WHAT YOU HAVE TO DO: Leave every image out, and return the rest of the data word for word.

_____

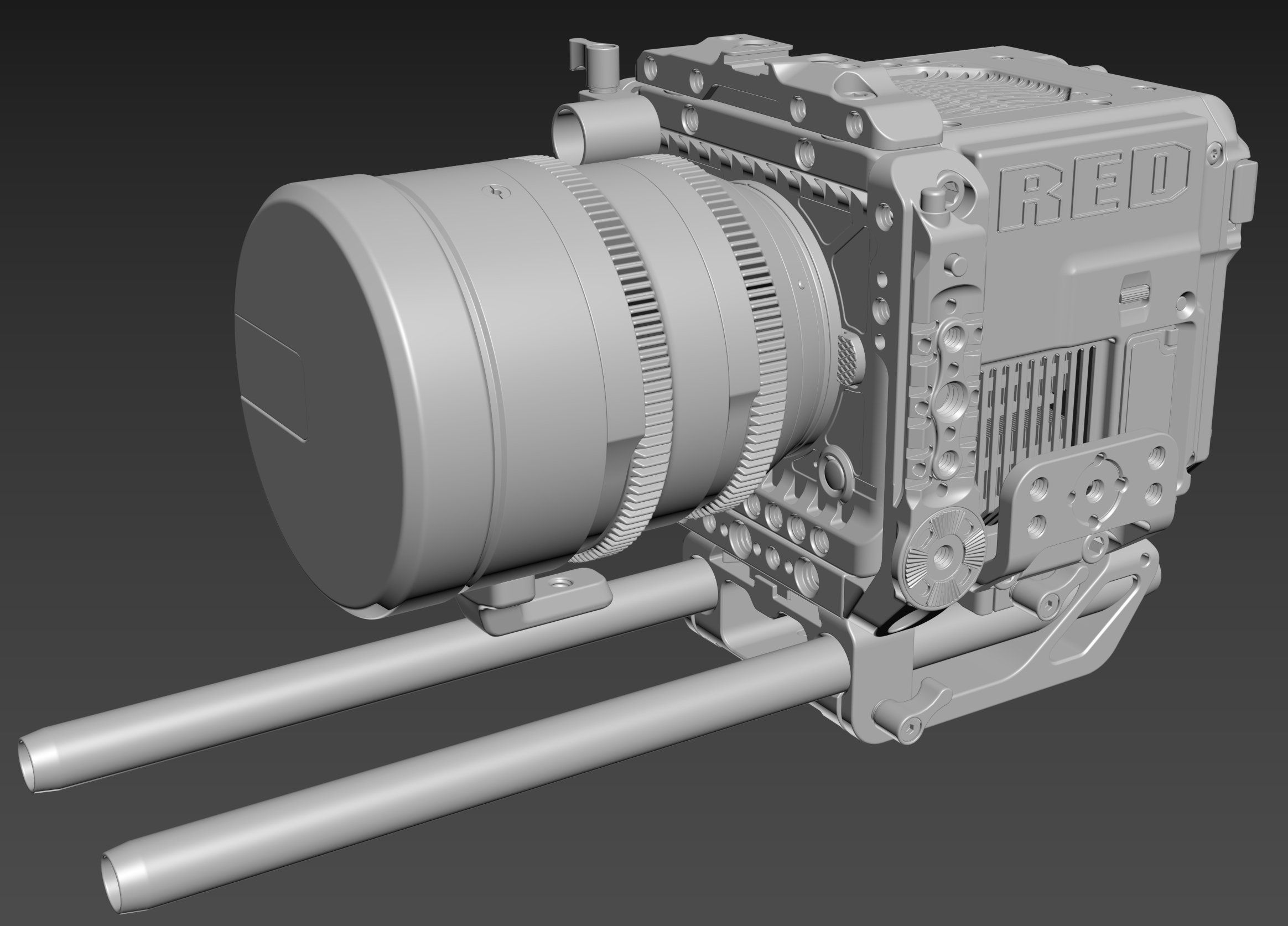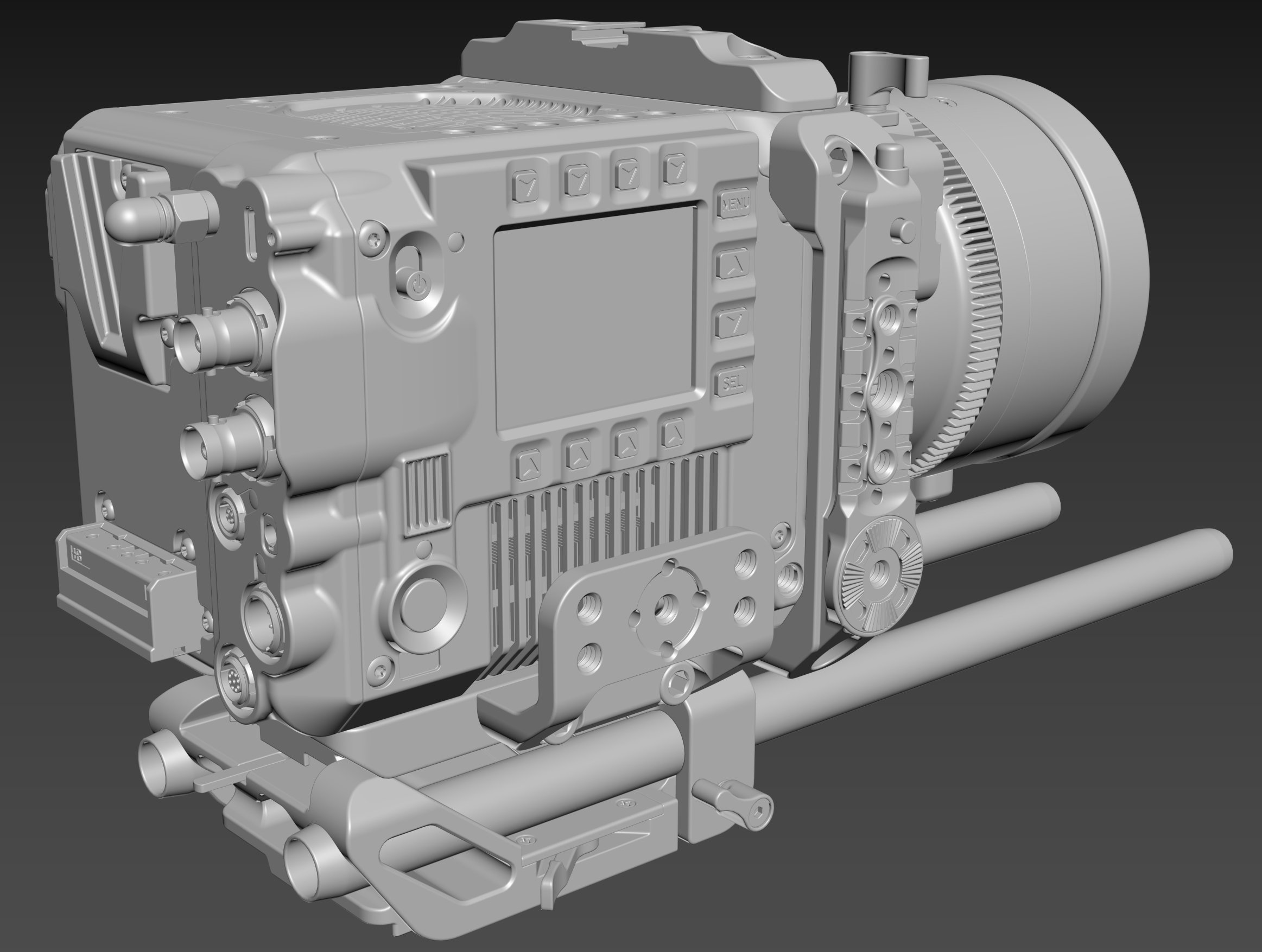 The camera itself seems to be finished. Added the last panel, some objects behind grills and bolt threads.
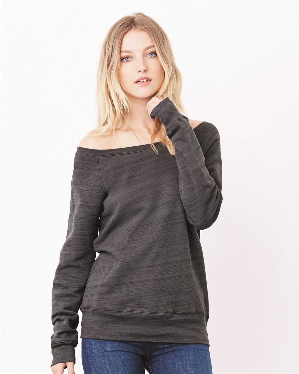 Feminine, cozy and versatile, this sweatshirt is a classic pullover with a wide neck that can be worn pulled off the shoulder. Offered in marble, acid wash, poly-cotton and triblend sponge fleece.
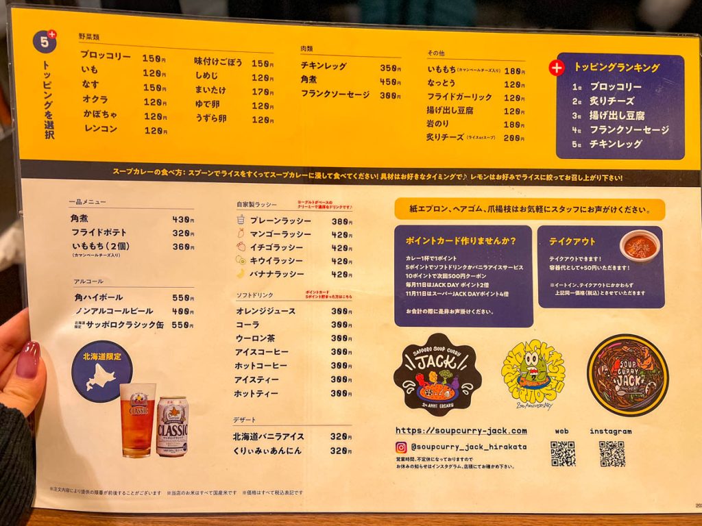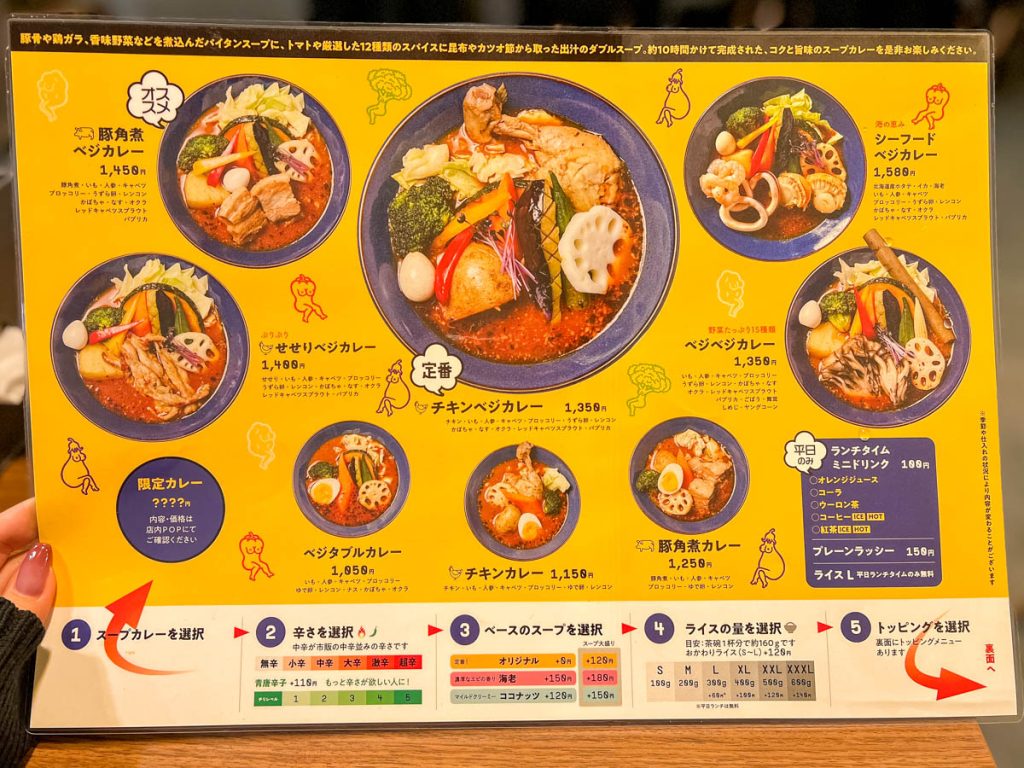 カレーは辛さが選べたり、ベースのスープもいろいろとあるようです。また、トッピングもたくさん。
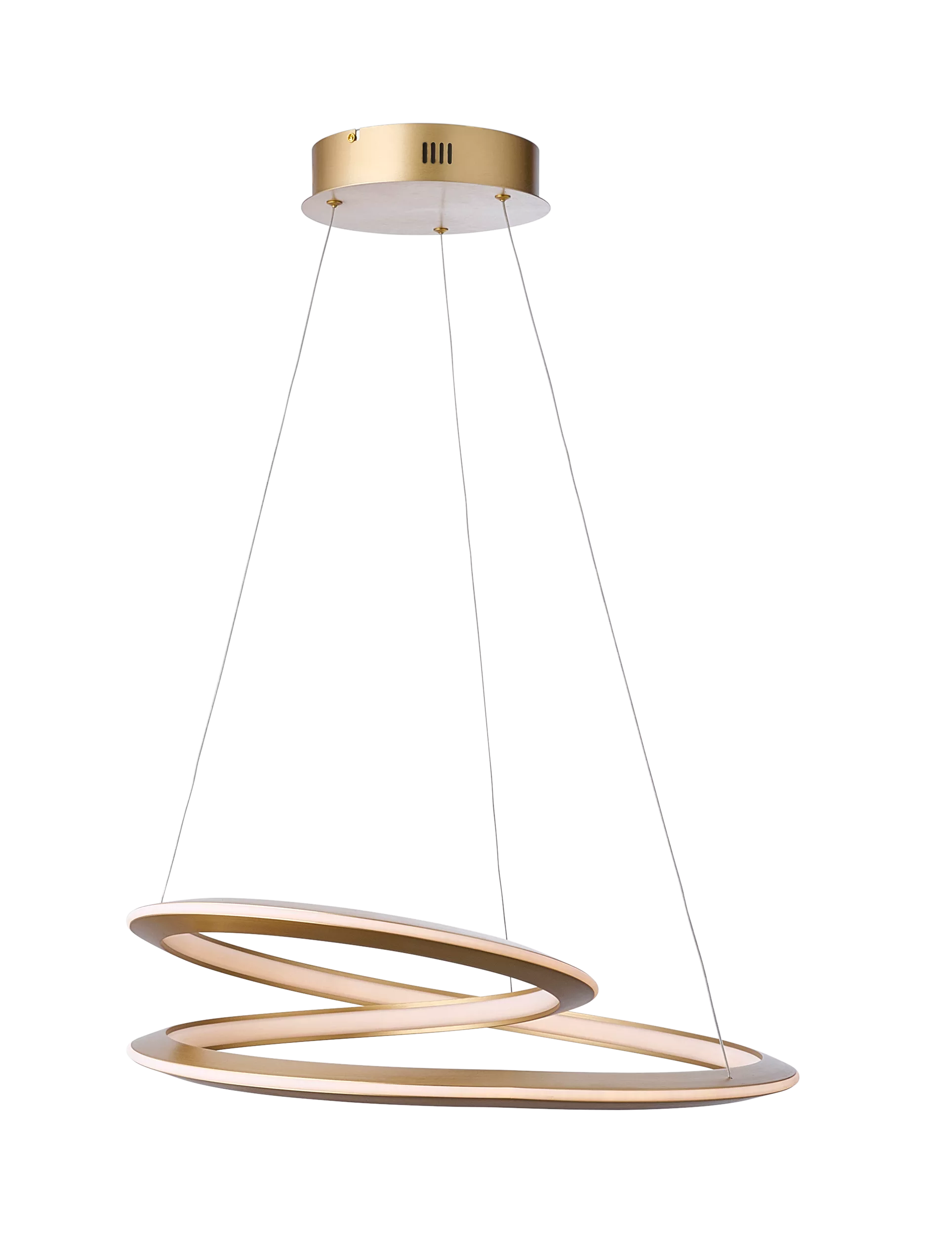 The Tempesta pendant is a swirl of modern LED with a unique sculptural form. The warm brass tones and the large size make a modern statement that will brighten up your chosen space. Ideal for a dining or living room, this powerful dual-lit pendant is height-adjustable and dimmable when used with a suitable dimmer switch and bulb.
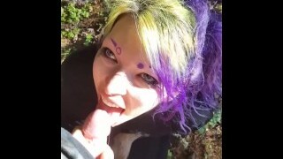 Submissive Goth girl face penetrated by boyfriend in the forest POV
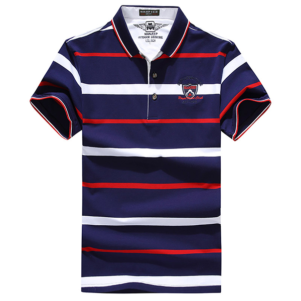 Mens Stripes Pattern Golf Shirt Short Sleeve Spring Summer Casual Tops
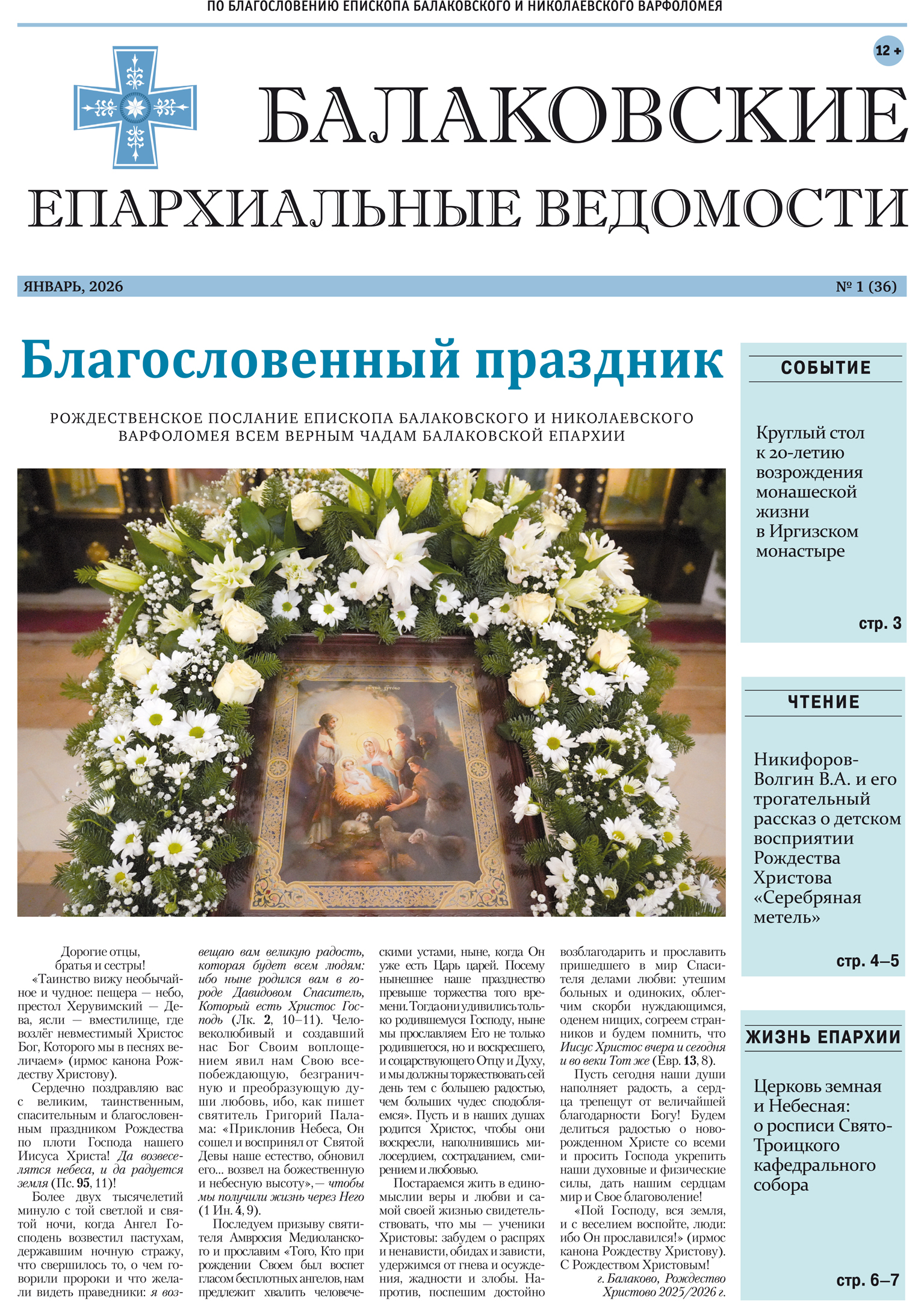 3 января вышел новый номер печатного издания Балаковской епархии «Балаковские епархиальные ведомости» (№ 1 (36) июнь 2026 г.). На первой полосе выпуска опубликовано слово епископа Балаковского и Николаевского Варфоломея «Благословенный праздник», посвященное празднику Рождества Христова.
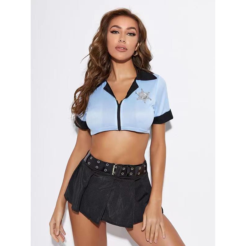 : The costume includes a light blue, short-sleeved crop top with a stylish black collar and a convenient front zipper closure, contributing to a chic and alluring look. The top is completed with a metallic police badge, enhancing its authentic appeal. The bottom consists of a black pleated mini skirt, designed to complement the top with its flirty aesthetic. A black belt with decorative handcuffs adds a striking element to the ensemble, perfect for making a bold statement. The costume is accessorized with a matching police cap, edgy high-heeled boots featuring buckle accents, and mirrored aviator sunglasses to complete the authoritative and daring look.
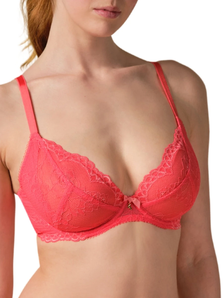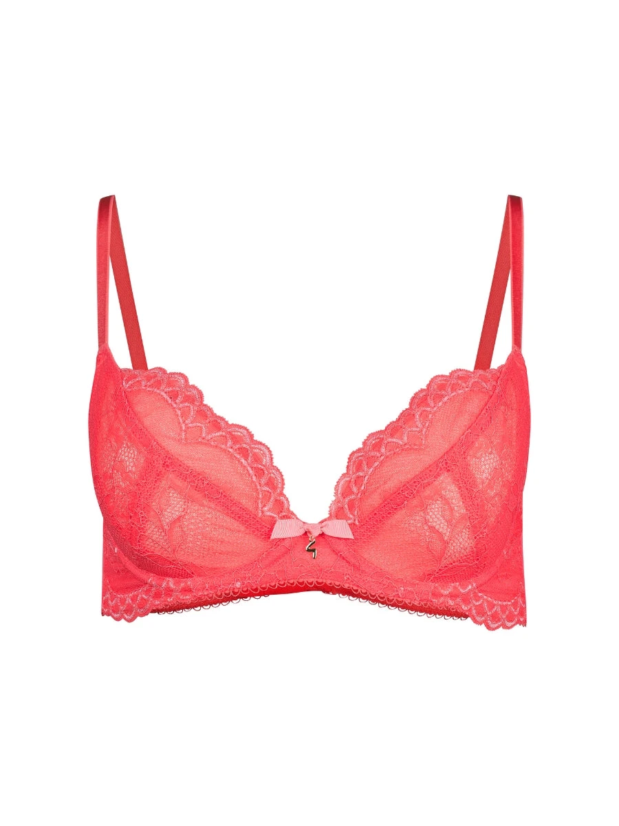 Fashioned from beautiful corded stretch lace is Gossard’s Superboost Lace Plunge Bra in Sugar Coral.
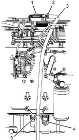 6將軟管(3)連接到Perkins1106A/C發(fā)動(dòng)機氣門(mén)機構蓋(1)和Perkins1106A/C發(fā)動(dòng)機曲軸箱呼吸器的濾清器座(5)上。
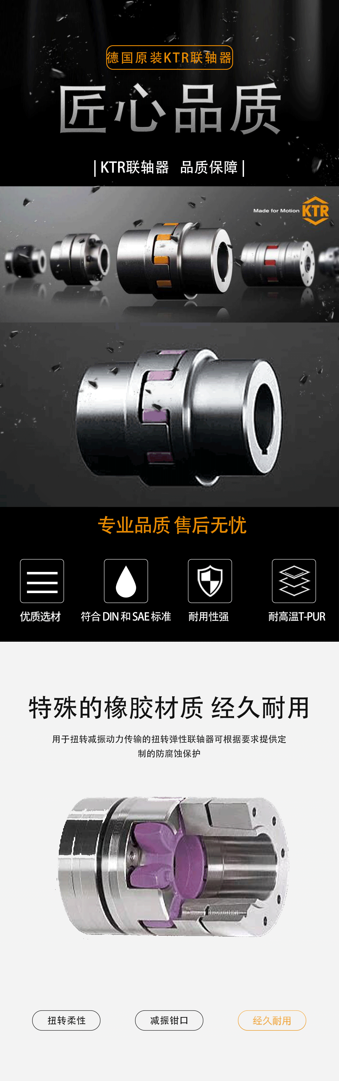 零间隙设计: KTR ROTEX 联轴器采用零间隙设计,能够补偿轴的不对中,确保传递的动力不会受到轴对准的微小偏差的影响。
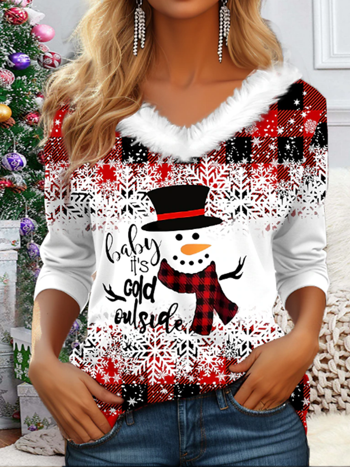 Women’s Christmas Snowman Print Long Sleeve V-Neck Top
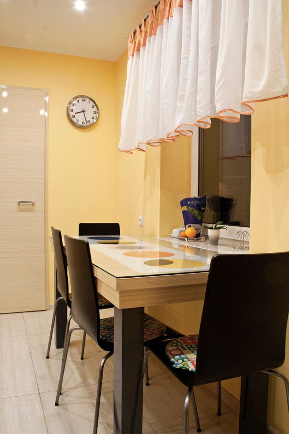 Intre corpurile de sus si cele de jos, s-a montat un panou din sticla galbena. O nuanta similara o vom gasi si pe pereti. Astfel, intreaga incapere pare mai luminoasa si mai primitoare. Un rol important il joaca aici si spoturile incastrate in tavan care asigura uniluminat uniform.
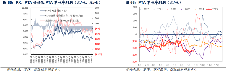 PTA:受加工费水平偏低影响,装置减停现象增多,市场整体呈现去库状态,价格有所上涨。目前PTA现货周均价格在4727.86(+41.43)元/吨,行业平均单吨净利润在-243.06(-8.06)元/吨,开工率72.90%(-3.10pct) ,PTA社会流通库存至81.48(-5.93)万吨。

_____

TASK RESULT:
 The camera itself seems to be finished. Added the last panel, some objects behind grills and bolt threads.
 Feminine, cozy and versatile, this sweatshirt is a classic pullover with a wide neck that can be worn pulled off the shoulder. Offered in marble, acid wash, poly-cotton and triblend sponge fleece.
 カレーは辛さが選べたり、ベースのスープもいろいろとあるようです。また、トッピングもたくさん。
 The Tempesta pendant is a swirl of modern LED with a unique sculptural form. The warm brass tones and the large size make a modern statement that will brighten up your chosen space. Ideal for a dining or living room, this powerful dual-lit pendant is height-adjustable and dimmable when used with a suitable dimmer switch and bulb.
 Submissive Goth girl face penetrated by boyfriend in the forest POV
 Mens Stripes Pattern Golf Shirt Short Sleeve Spring Summer Casual Tops
 3 января вышел новый номер печатного издания Балаковской епархии «Балаковские епархиальные ведомости» (№ 1 (36) июнь 2026 г.). На первой полосе выпуска опубликовано слово епископа Балаковского и Николаевского Варфоломея «Благословенный праздник», посвященное празднику Рождества Христова.
 : The costume includes a light blue, short-sleeved crop top with a stylish black collar and a convenient front zipper closure, contributing to a chic and alluring look. The top is completed with a metallic police badge, enhancing its authentic appeal. The bottom consists of a black pleated mini skirt, designed to complement the top with its flirty aesthetic. A black belt with decorative handcuffs adds a striking element to the ensemble, perfect for making a bold statement. The costume is accessorized with a matching police cap, edgy high-heeled boots featuring buckle accents, and mirrored aviator sunglasses to complete the authoritative and daring look.
 Fashioned from beautiful corded stretch lace is Gossard’s Superboost Lace Plunge Bra in Sugar Coral.
 6將軟管(3)連接到Perkins1106A/C發(fā)動(dòng)機氣門(mén)機構蓋(1)和Perkins1106A/C發(fā)動(dòng)機曲軸箱呼吸器的濾清器座(5)上。
 零间隙设计: KTR ROTEX 联轴器采用零间隙设计,能够补偿轴的不对中,确保传递的动力不会受到轴对准的微小偏差的影响。
 Women’s Christmas Snowman Print Long Sleeve V-Neck Top
 Intre corpurile de sus si cele de jos, s-a montat un panou din sticla galbena. O nuanta similara o vom gasi si pe pereti. Astfel, intreaga incapere pare mai luminoasa si mai primitoare. Un rol important il joaca aici si spoturile incastrate in tavan care asigura uniluminat uniform.
 PTA:受加工费水平偏低影响,装置减停现象增多,市场整体呈现去库状态,价格有所上涨。目前PTA现货周均价格在4727.86(+41.43)元/吨,行业平均单吨净利润在-243.06(-8.06)元/吨,开工率72.90%(-3.10pct) ,PTA社会流通库存至81.48(-5.93)万吨。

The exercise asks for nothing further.